Data for analysis:

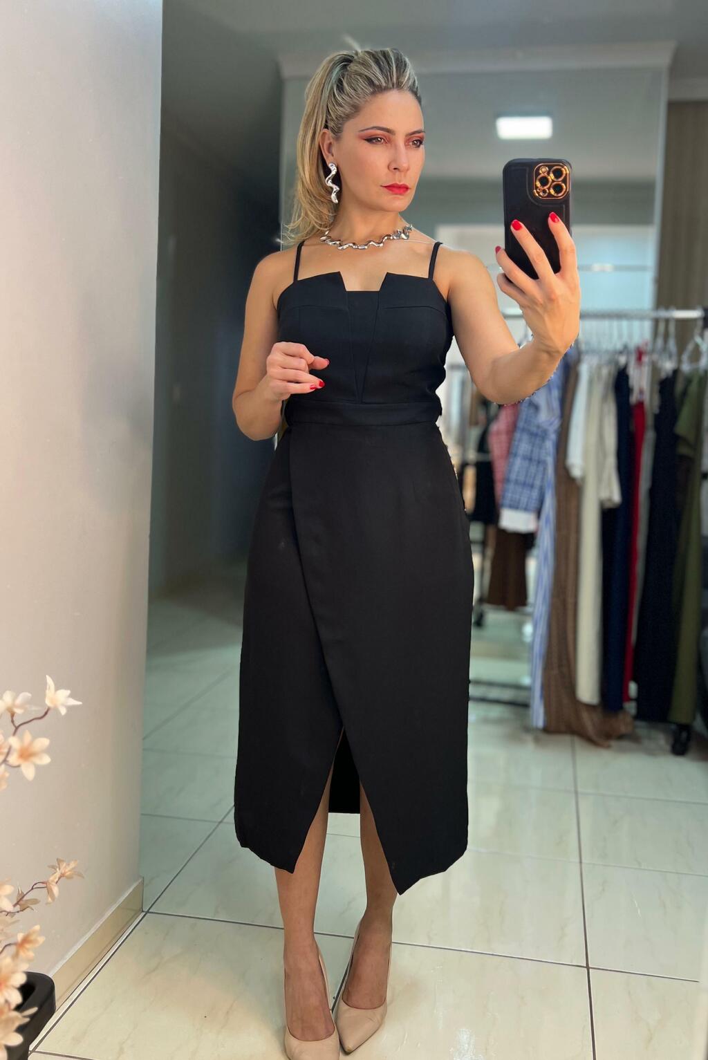 O vestido midi é confeccionado em crepe alfaiataria de alta qualidade, oferecendo um caimento impecável e toque sofisticado. Possui alças finas reguláveis, decote reto e detalhe transpassado na saia que valoriza a silhueta com charme e movimento. Ideal para eventos casuais, jantares ou ocasiões especiais em que você quer estar elegante e confortável.
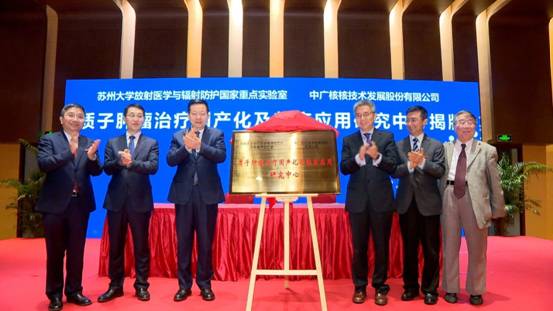 周乃翔书记、贺禹董事长为“质子肿瘤治疗国产化及临床应用研究中心”揭牌。
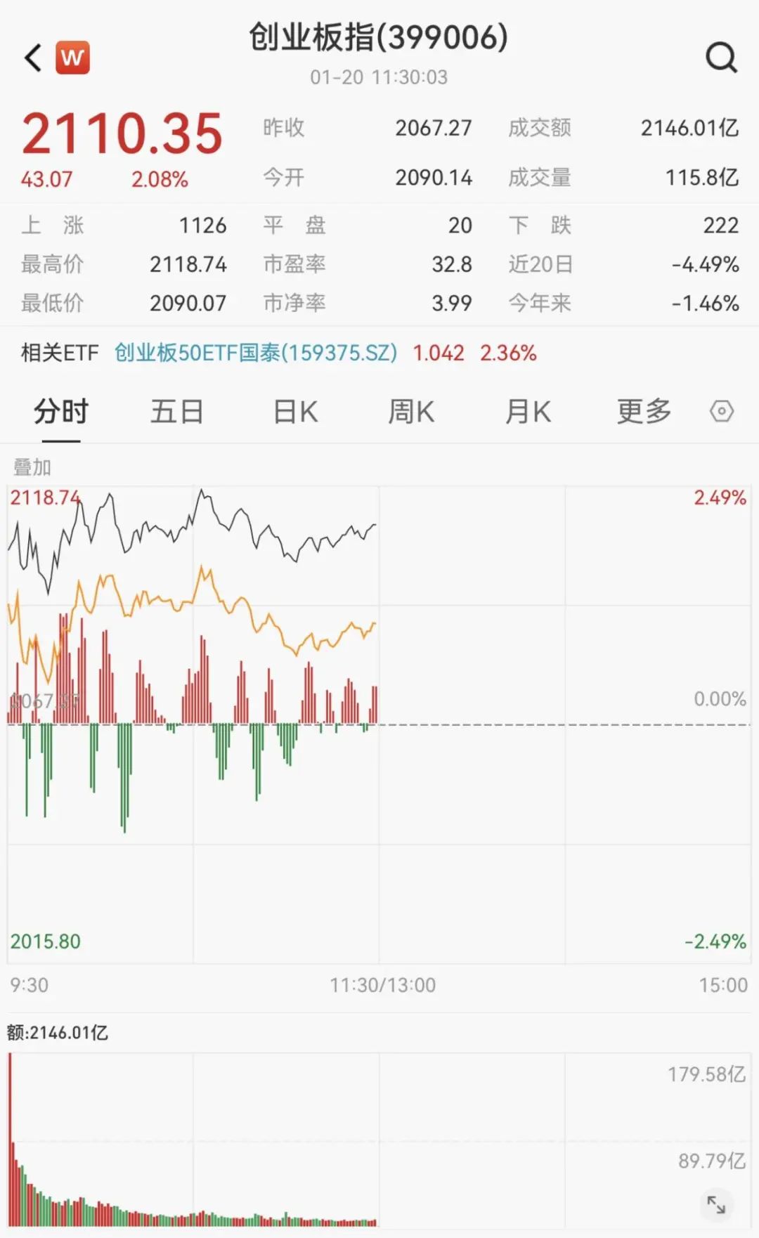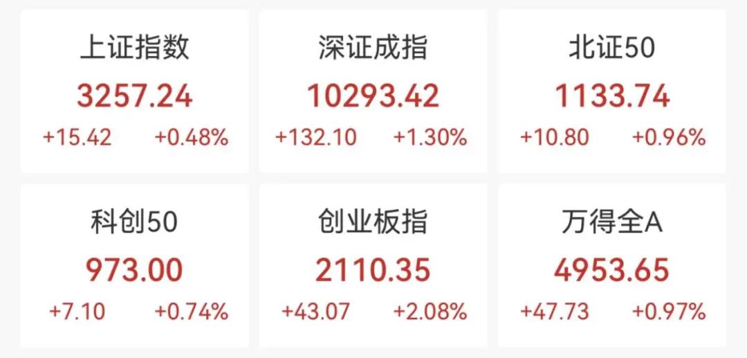 1月20日,A股三大指数集体高开,创业板指领涨,截至午间收盘,沪指涨0.48%,深成指涨1.3%,创业板指涨2.08%。
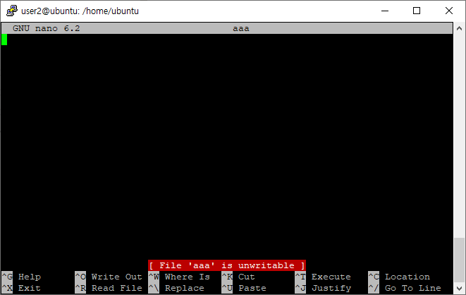 • aaa 파일의 소유자인 ubuntu와 소유자가 아닌 user2 계정의 파일 수정 비교
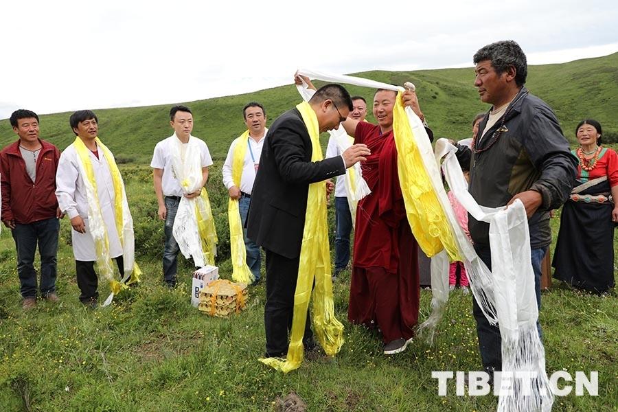 穿過一條條小溪來到山腰處才讓的家,他們一家向?qū)<覉F(tuán)隊(duì)敬獻(xiàn)了哈達(dá)。王現(xiàn)海與延慶區(qū)延慶鎮(zhèn)社區(qū)衛(wèi)生服務(wù)中心院長(zhǎng)史武軍、延慶區(qū)康莊鎮(zhèn)社區(qū)衛(wèi)生服務(wù)中心院長(zhǎng)萬愛民分別向才讓拉毛各捐贈(zèng)助學(xué)金1000元。臨行前才讓家人又向?qū)<覉F(tuán)隊(duì)成員送上當(dāng)?shù)氐乃钟秃汪佤巍?/p>
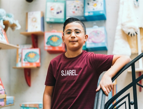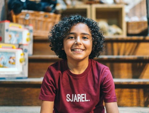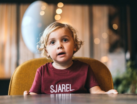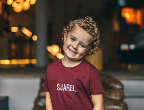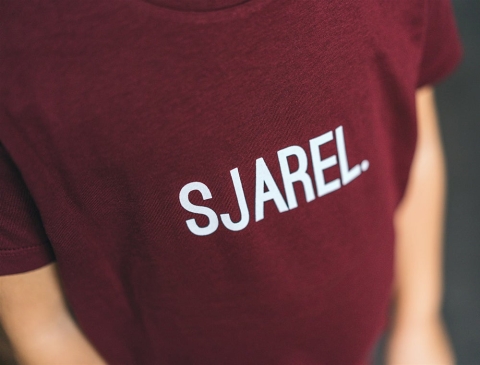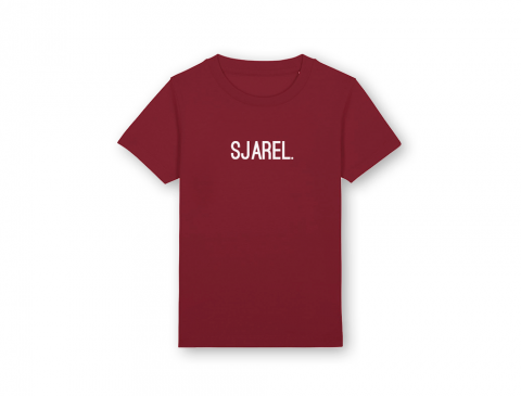 Bordeaux T-shirt met opschrift SJAREL. voor kinderen. Als cadeau of gewoon voor je eigen kind. Recht uit Antwerpen. Met trots voor het dialect.
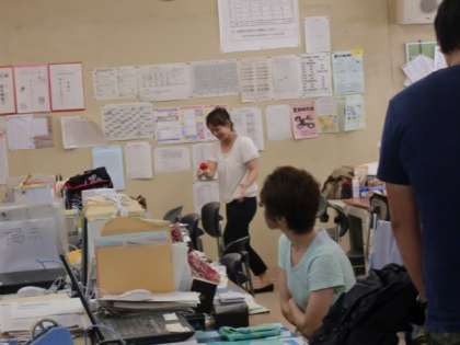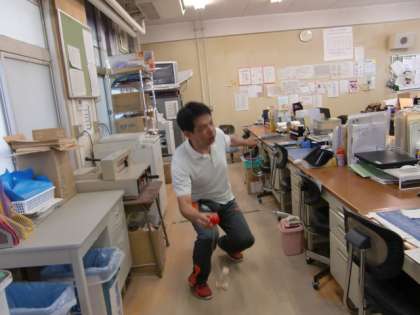 遊んでいるようにしか見えないかもしれませんが、れっきとした「研修」です。梅本教諭が「(もと)けん玉達人」であることが判明しました。「モシカメ」はすごいスピードでやってのけ、「ふりけん」や「とめけん」も、何度かのチャレンジで勘を取り戻し、見事成功させていました。
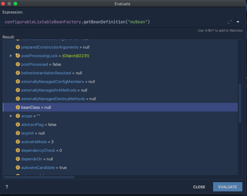 Root bean: class [null]; scope=; abstract=false; lazyInit=null; autowireMode=3; dependencyCheck=0; autowireCandidate=true; primary=false; factoryBeanName=myConfigurationClass; factoryMethodName=myBean; initMethodName=null; destroyMethodName=(inferred); defined in com.example.MyConfigurationClass
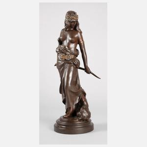 Ende 19. Jh., signiert, Gießerplakette E. Blot Paris, Metallguss dunkelbraun patiniert, partiell vergoldet und hellblau akzentuiert, Darstellung der halbnackten Judith in wallendem, um die Hüften geschlungenem Gewand, hinter dem Rücken hält sie das Schwert, mit dem sie das Haupt des Holofernes abgetrennt hat, welches zu ihren Füßen liegt, Patina erneuert, H ca. 39 cm.
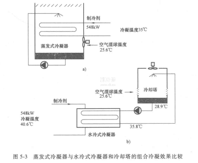 參考文獻曾經把蒸發(fā)式冷凝器,與殼管式冷凝器和冷卻塔相結合的冷卻系統(tǒng)進行對比。結果顯示用相同工況下蒸發(fā)式冷凝器實現(xiàn)冷凝溫度35℃,而水冷式冷凝器冷凝溫度是40.6℃,即采用蒸發(fā)式冷凝器冷凝溫度降低了5.6%,蒸發(fā)式冷凝器的性能優(yōu)越性在于避免中間介質(冷卻塔水)傳熱過程。使用冷卻塔時出水的溫度是28.9℃,而進水的溫度只能接近環(huán)境濕球溫度,即進水溫度35. 8℃(圖5-3a與圖5-3b),蒸發(fā)式冷凝器的傳熱效果可以使冷凝溫度更接近空氣的濕球溫度。從資金成本來說,蒸發(fā)式冷凝器的成本可能小于水冷式冷凝器、冷卻塔的造價總和。

Task objective: Every record above should be written out again exactly; the pictures stay out of the copy.

Answer to this task:
 O vestido midi é confeccionado em crepe alfaiataria de alta qualidade, oferecendo um caimento impecável e toque sofisticado. Possui alças finas reguláveis, decote reto e detalhe transpassado na saia que valoriza a silhueta com charme e movimento. Ideal para eventos casuais, jantares ou ocasiões especiais em que você quer estar elegante e confortável.
 周乃翔书记、贺禹董事长为“质子肿瘤治疗国产化及临床应用研究中心”揭牌。
 1月20日,A股三大指数集体高开,创业板指领涨,截至午间收盘,沪指涨0.48%,深成指涨1.3%,创业板指涨2.08%。
 • aaa 파일의 소유자인 ubuntu와 소유자가 아닌 user2 계정의 파일 수정 비교
 穿過一條條小溪來到山腰處才讓的家,他們一家向?qū)<覉F(tuán)隊(duì)敬獻(xiàn)了哈達(dá)。王現(xiàn)海與延慶區(qū)延慶鎮(zhèn)社區(qū)衛(wèi)生服務(wù)中心院長(zhǎng)史武軍、延慶區(qū)康莊鎮(zhèn)社區(qū)衛(wèi)生服務(wù)中心院長(zhǎng)萬愛民分別向才讓拉毛各捐贈(zèng)助學(xué)金1000元。臨行前才讓家人又向?qū)<覉F(tuán)隊(duì)成員送上當(dāng)?shù)氐乃钟秃汪佤巍?/p>
 Bordeaux T-shirt met opschrift SJAREL. voor kinderen. Als cadeau of gewoon voor je eigen kind. Recht uit Antwerpen. Met trots voor het dialect.
 遊んでいるようにしか見えないかもしれませんが、れっきとした「研修」です。梅本教諭が「(もと)けん玉達人」であることが判明しました。「モシカメ」はすごいスピードでやってのけ、「ふりけん」や「とめけん」も、何度かのチャレンジで勘を取り戻し、見事成功させていました。
 Root bean: class [null]; scope=; abstract=false; lazyInit=null; autowireMode=3; dependencyCheck=0; autowireCandidate=true; primary=false; factoryBeanName=myConfigurationClass; factoryMethodName=myBean; initMethodName=null; destroyMethodName=(inferred); defined in com.example.MyConfigurationClass
 Ende 19. Jh., signiert, Gießerplakette E. Blot Paris, Metallguss dunkelbraun patiniert, partiell vergoldet und hellblau akzentuiert, Darstellung der halbnackten Judith in wallendem, um die Hüften geschlungenem Gewand, hinter dem Rücken hält sie das Schwert, mit dem sie das Haupt des Holofernes abgetrennt hat, welches zu ihren Füßen liegt, Patina erneuert, H ca. 39 cm.
 參考文獻曾經把蒸發(fā)式冷凝器,與殼管式冷凝器和冷卻塔相結合的冷卻系統(tǒng)進行對比。結果顯示用相同工況下蒸發(fā)式冷凝器實現(xiàn)冷凝溫度35℃,而水冷式冷凝器冷凝溫度是40.6℃,即采用蒸發(fā)式冷凝器冷凝溫度降低了5.6%,蒸發(fā)式冷凝器的性能優(yōu)越性在于避免中間介質(冷卻塔水)傳熱過程。使用冷卻塔時出水的溫度是28.9℃,而進水的溫度只能接近環(huán)境濕球溫度,即進水溫度35. 8℃(圖5-3a與圖5-3b),蒸發(fā)式冷凝器的傳熱效果可以使冷凝溫度更接近空氣的濕球溫度。從資金成本來說,蒸發(fā)式冷凝器的成本可能小于水冷式冷凝器、冷卻塔的造價總和。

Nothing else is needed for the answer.